It is a familiar tale across Canada, whether it is a farmer lobby to receive compensation for environmental and landscape stewardship services they provide or the battle for compensation for fuel pipelines and power lines that cross properties.

However, the battle is more intense and politically charged in Ontario.

Fox suggested it is because the province is the most urban in the country and home to millions of urban residents with no rural connections.

“They live in their small condos in the city and consider rural areas their playground for the weekend.”

He said the rural resentment began to grow in the 1960s and 1970s when rules were passed to preserve the Niagara Escarpment. They escalated in the 1990s with the creation of greenbelts around cities that arbitrarily limited the rights of landowners without compensation.

The proliferation of rural wind turbines has increased the divisions in the past decade.

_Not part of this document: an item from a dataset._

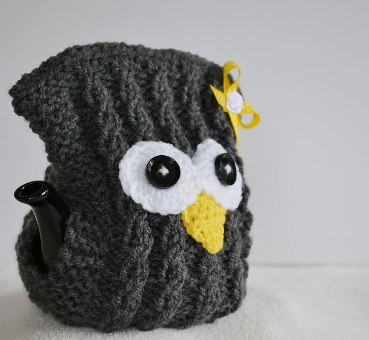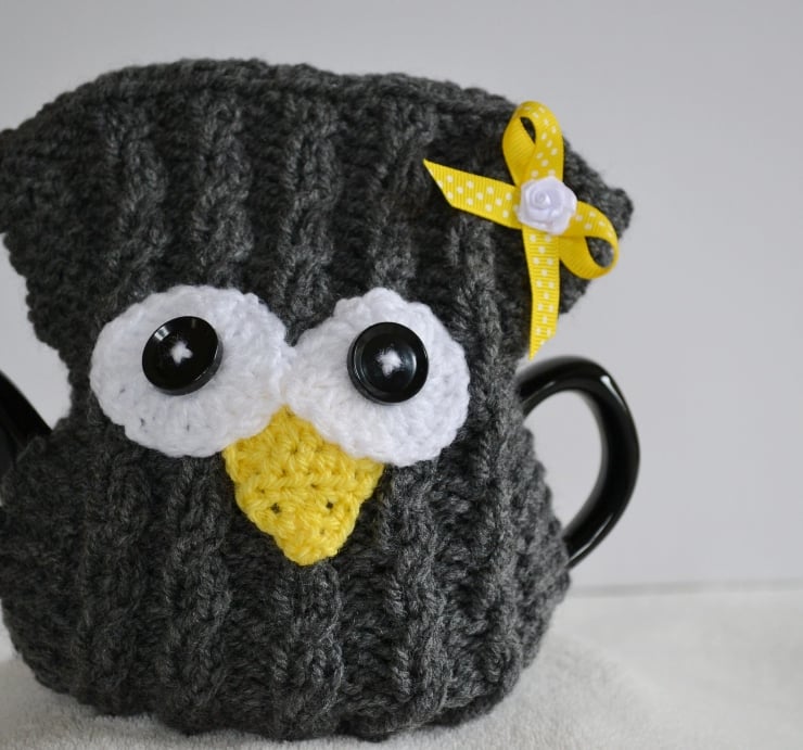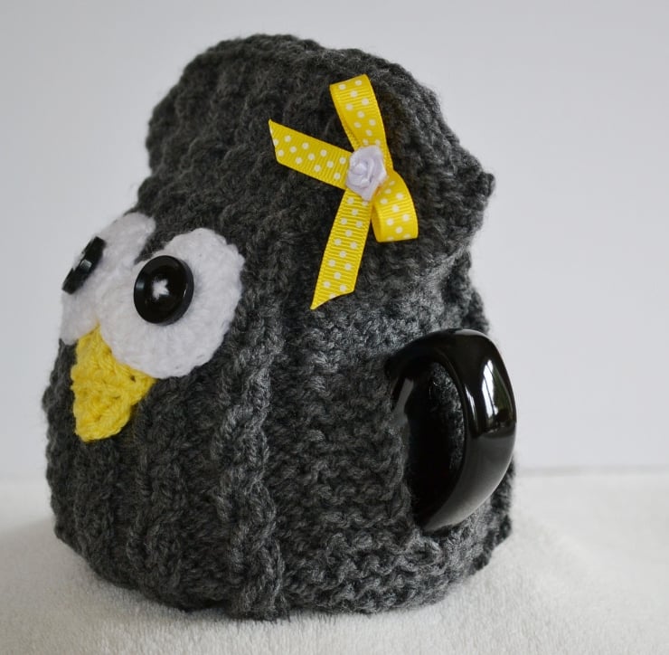 I have crocheted the facial features and added buttons in the centre of the eyes. Finished with a yellow polka dot grosgrain ribbon bow with a small white satin rose in the centre.

“Although I think the tinderbox was filled in the 1970s, the tipping point came in the 1990s when the number of rules and regulations increased dramatically,” said Fox.

“The Ontario farmers I know have a strong land and environmental ethic, but they also have a strong view of the rights of land ownership.”

He said most urban residents are oblivious to the divide.

“In most cases, I don’t believe they know this is going on.”

However, it has significant political implications.

The province’s Liberal government lost its majority in the 2011 provincial election because it lost most of its rural seats.

Premier Kathleen Wynne has recognized the divide and appointed herself, a Toronto MPP with no rural experience, as agriculture minister.

“The premier is trying to mend fences,” Fox said. “But there is a very large divide. Good luck trying to bridge it. There is unrest in rural Ontario. Not civil unrest — it is very civil — but it is real.”